В декабре 1974 г. были спровоцированы антиправительственные выступле­ния студентов по всей стране. 1 декабря было совершено покушение на премьер-ми­нистра Меркадо Харрина и двух членов правительства.

В феврале 1975 была подавлена попытка мятежа. Президент возложил ответственность за события 3-5 фев­раля на АПРА и ЦРУ. Не было, однако, проведено никакого расследования прича­стности к мятежу правого крыла правительства.

За время правления Веласко Альварадо валовой внутренний продукт Перу увеличился в 2,6 раза.

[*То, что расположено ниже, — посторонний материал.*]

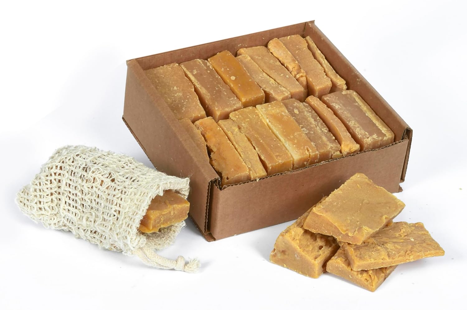 This is 4 pounds of bulk Castile, Cold process soap-end cut-offs, and an exfoliating soap saver scrubby eco bags! Just hang the exfoliating hemp soap bag in the shower and never have to deal with your soap sliding off scummy holders! Beautifully packaged in a BeeTheLight logo gift box! The only Castile cold process soap we are aware of made from 100% fair trade, organic and sustainably produced oils . Fair trade matters! A truly all-purpose soap of the highest possible quality Thick, creamy lather: a small amount is mild and gentle on the skin and a little goes a long way!
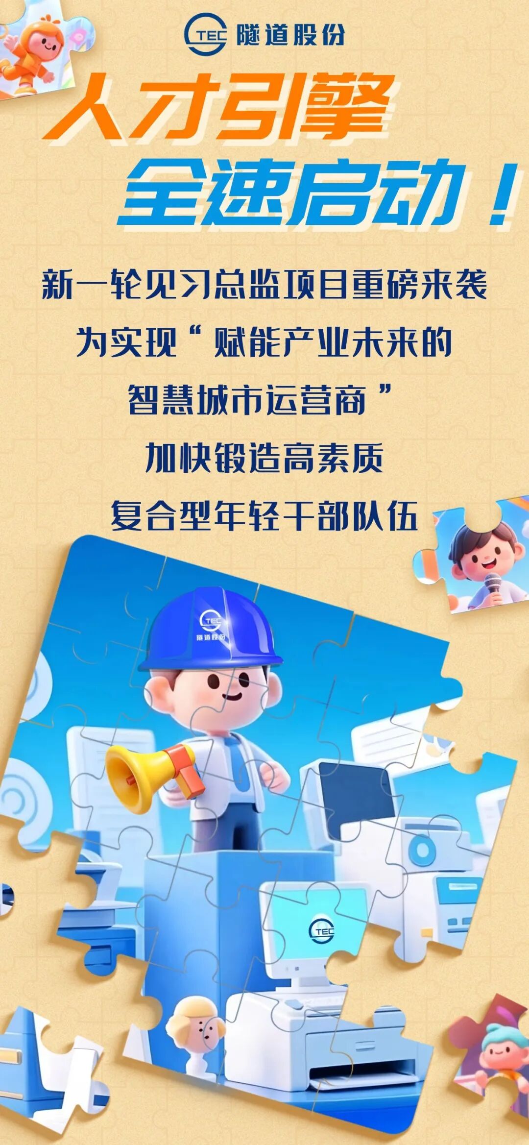 一直以来, 隧道股份 都是“战略导向型”的企业,从“十二五”的工程总承包商到“十三五”的综合服务商,再到“十四五”的资源集成商,我们始终围绕目标愿景、保持战略定力,开展了一系列改革转型。当前, 隧道股份 的行业地位与社会认可度已迈上新高。但行业发展的外部环境正发生深刻变革,行业正从“粗放增量”模式转向“存量+增量”并重的新阶段,集团“十五五”战略正是引领企业穿越周期、开创未来的行动纲领。青年人才必须深刻领会“十五五”战略内涵,围绕“赋能产业未来的智慧城市运营商”目标愿景,立足跨界岗位锻炼,提升科创思维与产业思维,加强产业协同能力;要珍惜并立足 隧道股份 的场景与平台资源,依托“项目+服务”“项目+产业”,在“干好活”之外,积极聚焦城市更新、数字转型、绿色低碳等领域,挖掘新的发展空间与未来产业价值。
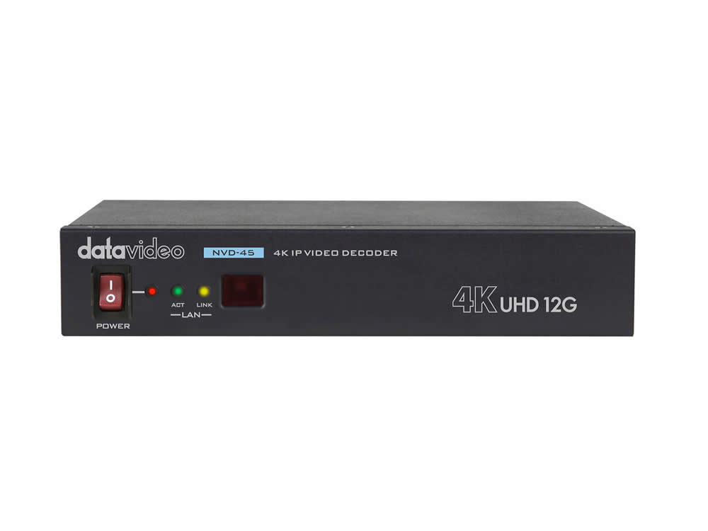 Decode streams from live platforms, popular CDNs, and from the dvCloud network with the NVD-45 UHD 4K Streaming IP Video Decoder with 12G-SDI Output from Datavideo. The NVD-45 decoder supports all common protocols like SRT, RTSP, RTMP, HLS, and MPEG-TS, and it outputs video at resolutions up to UHD 4K60. Video is output using one composite and two 12G-SDI outputs and audio is output via SDI embedding and stereo RCA ports.

К положительным моментам в правлении Веласко можно также отнести меры его правительства по эмансипации коренного населения страны — индейцев кечуа и аймара. В частности, язык кечуа был признан в качестве второго государственного языка Перу (1975), на нём стали вещать один из телевизионных каналов и несколько радиостанций. В марте 1972 года был принят Закон об образовании (декрет № 19326), провозглашались демократизация образования, его децентрализация, творческий подход к обучению, свобода образования, а также обязательность и бесплатность 9-классного образования. В апреле 1973 года был принят закон о пенсиях, установивший единый срок выхода на пенсию для рабочих и служащих и увеличивший более чем в 3 раза минимальный размер пенсий.

Внешняя политика

Американская пресса практически сразу после переворота развернула антиперуанскую кампанию, обвиняя военное правительство в «коммунизме» и «насеризме». Словесная риторика подкреплялась реальными угрозами: под давлением США МВФ поста­вил условием предоставления нового кредита Перу благоприятное для аме Веласко Альварадо, что Перу намерено установить дипломатические и торговые отношения со всеми странами, включая социалистические. В конце ян­варя 1969 года правительство отменило запрет на поездки в социалистические страны и установило дипломатические отношения с Чехословакией (3 января), Советским Союзом (1 февраля), Кубой и другими социалистическими странами.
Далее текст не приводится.